#### THE DATA:

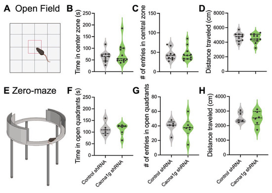 General activity and anxiety-related behaviors in Cacna1g shRNA-injected mice. (A) Graphic presentation of open-field test. (B) Time spent in the central zone of open-field arena. (C) Number of entries to central zone of open-field arena. (D) Distance traveled in open-field arena in control and Cacna1g shRNA mice. (E) Graphic presentation of zero-maze test. (F) Time spent in open quadrants. (G) Number of entries into open quadrants. (H) Distance traveled during zero-maze test in control and Cacna1g shRNA mice.
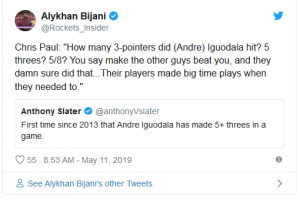 Τέλος αξίζει νομίζω να σταθούμε για λίγο, σε έναν από τους αφανείς ήρωες της συγκεκριμένης μονομαχίας. Αναφέρομαι φυσικά στον υποτιμημένο Andre Iguodala. Εκτός από την τρομερή άμυνα που έπαιξε καθ’ όλη τη διάρκεια της σειράς, στη χθεσινή αναμέτρηση ευστόχησε και σε ορισμένα καθοριστικά σουτ (5/8 τρίποντα) τιμωρώντας την επιλογή των Rockets να τον αγνοούν συστηματικά στη περιφέρεια. Η ατάκα του Chris Paul για τον Iggy, είναι χαρακτηριστική.
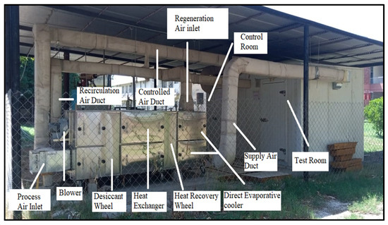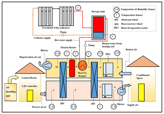 The solar-assisted desiccant-based evaporative cooler (Sol-DEC) mainly consists of three parts for testing purposes: (i) solar evacuated tube collectors (SETCs) for the heating of water, (ii) a rotary desiccant wheel integrated with a direct evaporative cooler, (iii) a control room to maintain the temperature and humidity artificially at an inlet of the desiccant wheel (DW), and a test room to check the performance of the system. A schematic diagram of the whole system with exact sensor locations is shown in Figure 3.
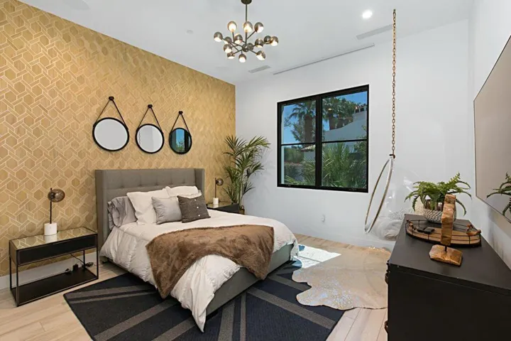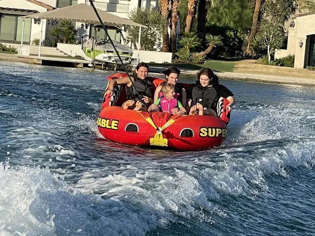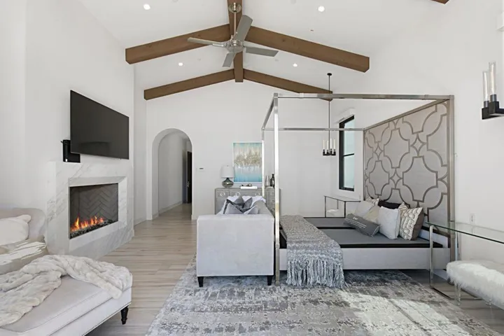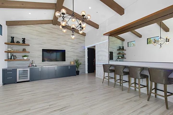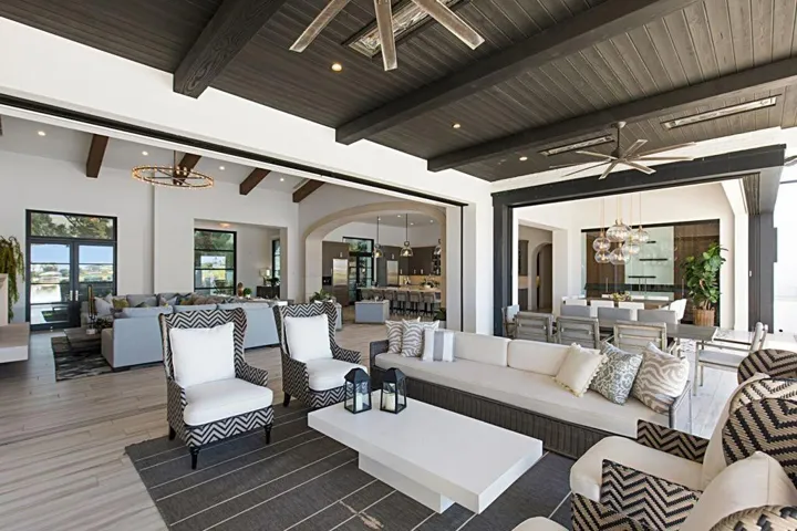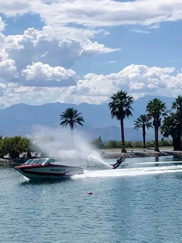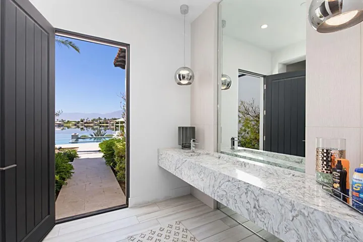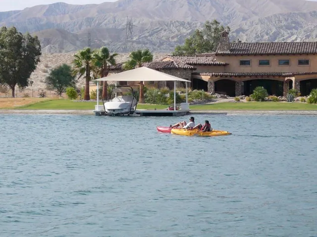 AVAILBLE NOW! Turnkey furnished- ask for discount for multiple months! Welcome to this gorgeous LAKE front, Private Beach and Boat Dock estate home at ShadowLake Estates, an active water ski & sport lake w/2 slalom water ski runs, paddle boarding, fishing, wakeboarding, sailing and efoil; only 21 min from Palm Springs. Four bedrooms, Theater Room, Game Room and open living, kitchen and dinning concept is 6000 sf. The dinning room is stunning and opens fully to the lake and back yard with easy sliders that tuck away. Fabulous open wine cellar and gorgeous artistic fireplace is the focal point between the blurred lines of indoor and outdoor space. This drop dead gorgeous LAKE front home features seamless indoor outdoor resort style living. The outdoor living space will be your favorite hangout. You even have your own Private boat dock & lift & Private Sandy Beach. This home is available furnished and made for living, attention to every detail in form and function. ShadowLake Estates is 20 min to El Paseo, 3 min to Landmark Golf, 5 min from Polo Fields / Coachella, 10 min to PGA West, 7 min to the Acrisure Arena, 7 min to Bermuda Dunes or the Thermal Private Airports, 21 min to Palm Springs. This home is a dream get away a place for the entire family, you might even get the kids to put down their phones!

#### AIM OF THE TASK:
Your response must consist of the lines from the beginning of the data through the line containing "The solar-assisted desiccant-based", transcribed exactly, with no pictures.

#### WRITTEN ANSWER:
 General activity and anxiety-related behaviors in Cacna1g shRNA-injected mice. (A) Graphic presentation of open-field test. (B) Time spent in the central zone of open-field arena. (C) Number of entries to central zone of open-field arena. (D) Distance traveled in open-field arena in control and Cacna1g shRNA mice. (E) Graphic presentation of zero-maze test. (F) Time spent in open quadrants. (G) Number of entries into open quadrants. (H) Distance traveled during zero-maze test in control and Cacna1g shRNA mice.
 Τέλος αξίζει νομίζω να σταθούμε για λίγο, σε έναν από τους αφανείς ήρωες της συγκεκριμένης μονομαχίας. Αναφέρομαι φυσικά στον υποτιμημένο Andre Iguodala. Εκτός από την τρομερή άμυνα που έπαιξε καθ’ όλη τη διάρκεια της σειράς, στη χθεσινή αναμέτρηση ευστόχησε και σε ορισμένα καθοριστικά σουτ (5/8 τρίποντα) τιμωρώντας την επιλογή των Rockets να τον αγνοούν συστηματικά στη περιφέρεια. Η ατάκα του Chris Paul για τον Iggy, είναι χαρακτηριστική.
 The solar-assisted desiccant-based evaporative cooler (Sol-DEC) mainly consists of three parts for testing purposes: (i) solar evacuated tube collectors (SETCs) for the heating of water, (ii) a rotary desiccant wheel integrated with a direct evaporative cooler, (iii) a control room to maintain the temperature and humidity artificially at an inlet of the desiccant wheel (DW), and a test room to check the performance of the system. A schematic diagram of the whole system with exact sensor locations is shown in Figure 3.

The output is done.